- [Data]:
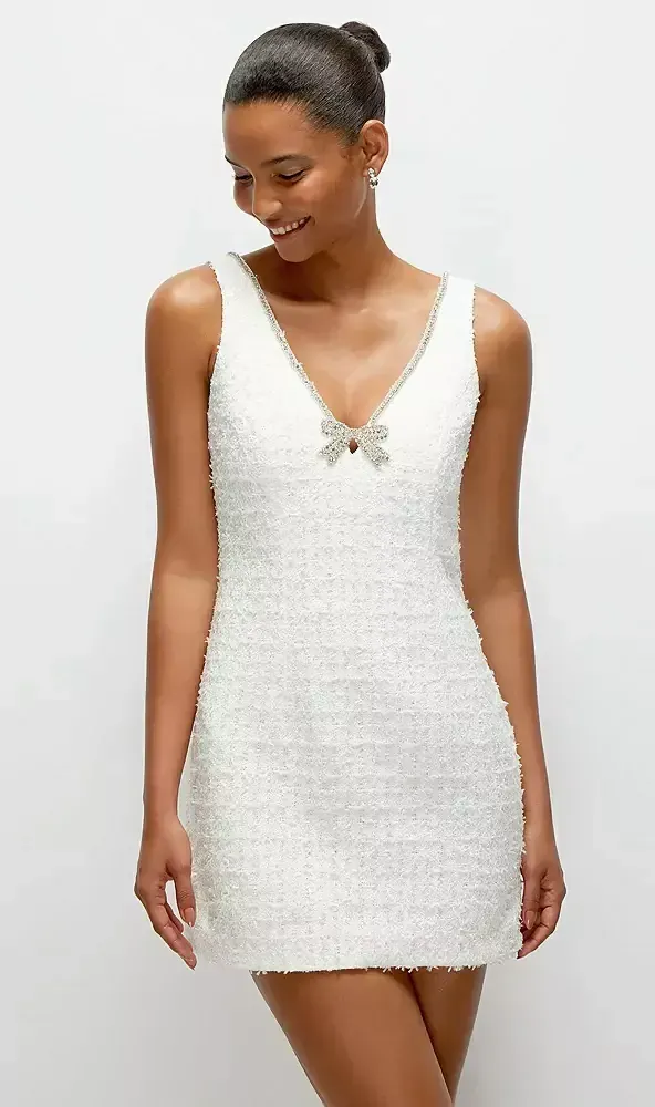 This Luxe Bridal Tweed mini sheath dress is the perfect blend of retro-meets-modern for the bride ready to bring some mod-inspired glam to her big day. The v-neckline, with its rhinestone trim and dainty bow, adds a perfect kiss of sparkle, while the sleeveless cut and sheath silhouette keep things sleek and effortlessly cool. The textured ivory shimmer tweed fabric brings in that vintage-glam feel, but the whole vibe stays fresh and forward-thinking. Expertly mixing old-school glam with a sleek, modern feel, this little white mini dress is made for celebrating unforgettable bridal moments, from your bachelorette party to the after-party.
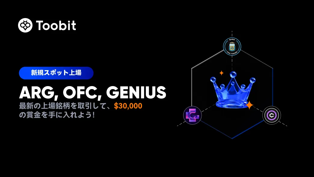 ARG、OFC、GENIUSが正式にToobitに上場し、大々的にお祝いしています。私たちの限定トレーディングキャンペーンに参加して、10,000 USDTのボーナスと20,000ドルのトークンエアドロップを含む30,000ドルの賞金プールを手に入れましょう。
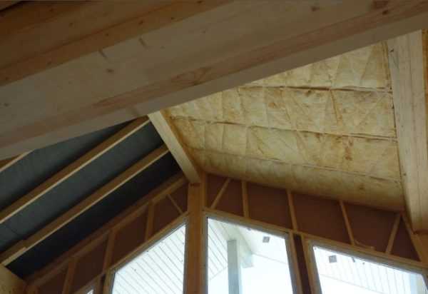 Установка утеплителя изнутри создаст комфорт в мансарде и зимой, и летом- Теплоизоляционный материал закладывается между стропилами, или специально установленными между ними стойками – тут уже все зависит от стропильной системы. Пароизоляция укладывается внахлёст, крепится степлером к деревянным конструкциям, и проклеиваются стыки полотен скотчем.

- [Work required]: Word for word, repeat the lines of data above, omitting every picture.

- [Result for this task]:
 This Luxe Bridal Tweed mini sheath dress is the perfect blend of retro-meets-modern for the bride ready to bring some mod-inspired glam to her big day. The v-neckline, with its rhinestone trim and dainty bow, adds a perfect kiss of sparkle, while the sleeveless cut and sheath silhouette keep things sleek and effortlessly cool. The textured ivory shimmer tweed fabric brings in that vintage-glam feel, but the whole vibe stays fresh and forward-thinking. Expertly mixing old-school glam with a sleek, modern feel, this little white mini dress is made for celebrating unforgettable bridal moments, from your bachelorette party to the after-party.
 ARG、OFC、GENIUSが正式にToobitに上場し、大々的にお祝いしています。私たちの限定トレーディングキャンペーンに参加して、10,000 USDTのボーナスと20,000ドルのトークンエアドロップを含む30,000ドルの賞金プールを手に入れましょう。
 Установка утеплителя изнутри создаст комфорт в мансарде и зимой, и летом- Теплоизоляционный материал закладывается между стропилами, или специально установленными между ними стойками – тут уже все зависит от стропильной системы. Пароизоляция укладывается внахлёст, крепится степлером к деревянным конструкциям, и проклеиваются стыки полотен скотчем.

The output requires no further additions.